TreeTransform.finalize() spends a lot of time deleting stuff that isn't there
Affects | Status | Importance | Assigned to | Milestone | |
---|---|---|---|---|---|
Bazaar |
Confirmed
|
Low
|
Unassigned |
Bug Description
-----BEGIN PGP SIGNED MESSAGE-----
Hash: SHA1
I was looking into the lp:gcc-linaro issues because of its size.
While there, I noticed that it ended up spending a fair amount of time
in the 'delete_any()' code during finalize.
In that instance, there are about 69,000 files in the tree. And it looks
like delete_any() is called for each and every one of them. Which means
that it does 70k calls to:
if os.path.
...
else:
os.unlink(path)
And in all of these cases, the path doesn't exist. Nor do any of its
containing directories.
I think we could shortcut a lot of this, by testing to see if a
containing directory exists, and if it doesn't, we don't need to test
any of the subdirectories.
We already know some of this information, because we create files in
their containing directory in limbo when the target doesn't exist. (So
that we can just rename the containing dir, rather than renaming every
object independently.)
I think we could probably change the iteration to just check those
objects that exist at the top level in limbo.

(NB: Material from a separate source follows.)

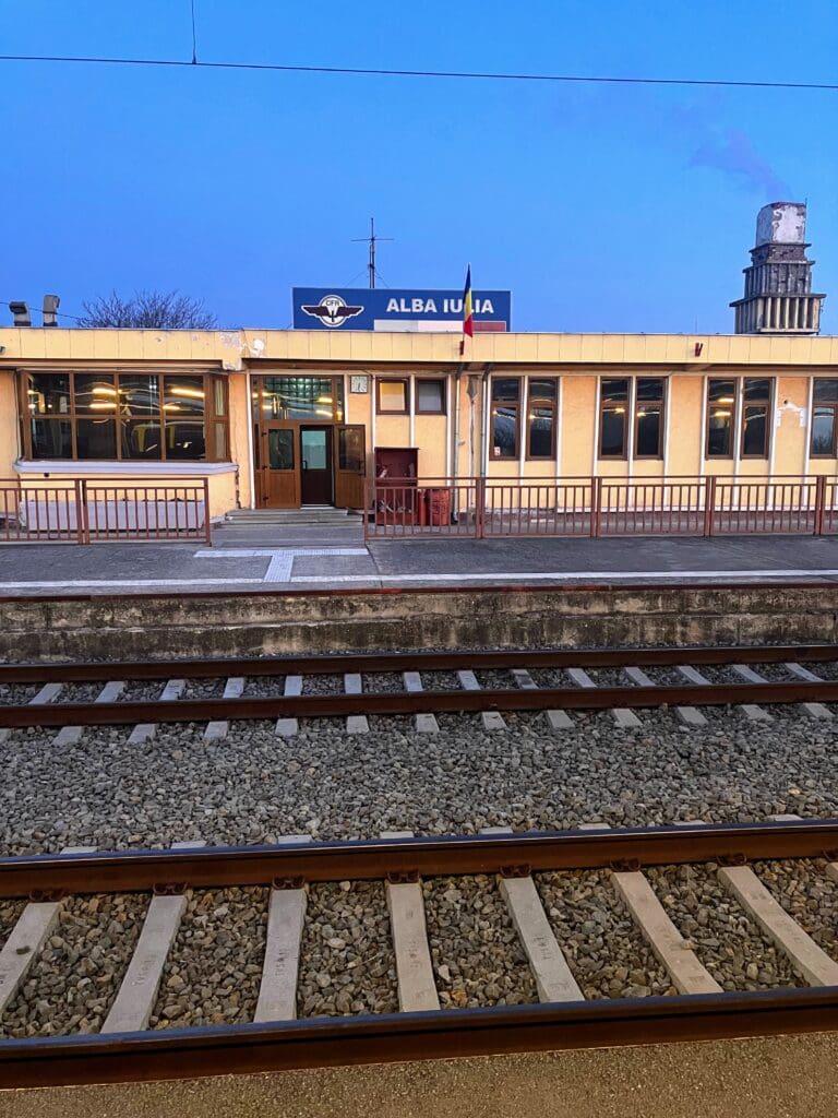 Seconds later I was on the platform, face still wet and soapy, still in my short-sleeved pajama shirt; the dim light of the dawn and still zombie-like feeling from having woken up so abruptly made it all surreal. There was just one other person on the platform, a tattooed burly-looking guy carrying two heavy duffle bags and another strung on his back. It was 33 degrees in Alba Iulia, Romania. My bed from the previous night rolled down the tracks leaving me wondering if I should have rushed off the train after all.

In this particular case, it would change the number of operations from
70k, down to about 36.
affects bzr
status confirmed
importance low
-----BEGIN PGP SIGNATURE-----
Version: GnuPG v1.4.9 (Cygwin)
Comment: Using GnuPG with Mozilla - http://
iEYEARECAAYFAkx
j1QAmgMA+
=fuR/
-----END PGP SIGNATURE-----
tags: | added: performance treetransform |
tags: | added: affects-linaro |
tags: | added: check-for-breezy |
I also saw a fair amount of time spent before the 'Build phase: adding file contents' was displayed. It is also possible that it is spending a lot of time trying to stat all 70k files before it decides whether or not there is going to be a file that is in conflict. Again, it should be possible to notice that a directory is not present, and thus we don't need to check all possible files underneath that dir.
I don't have profiles to specifically support this, but I did do a breakin during the post-build phase and it trapped on 'isdir()'.
ISTR that some of the os.path functions actually do multiple stats. (maybe it was just us doing os.path.isdir(), os.path.isfile(), etc.)
We might want to fix the _delete_any code to do a stat and check if it even exists first.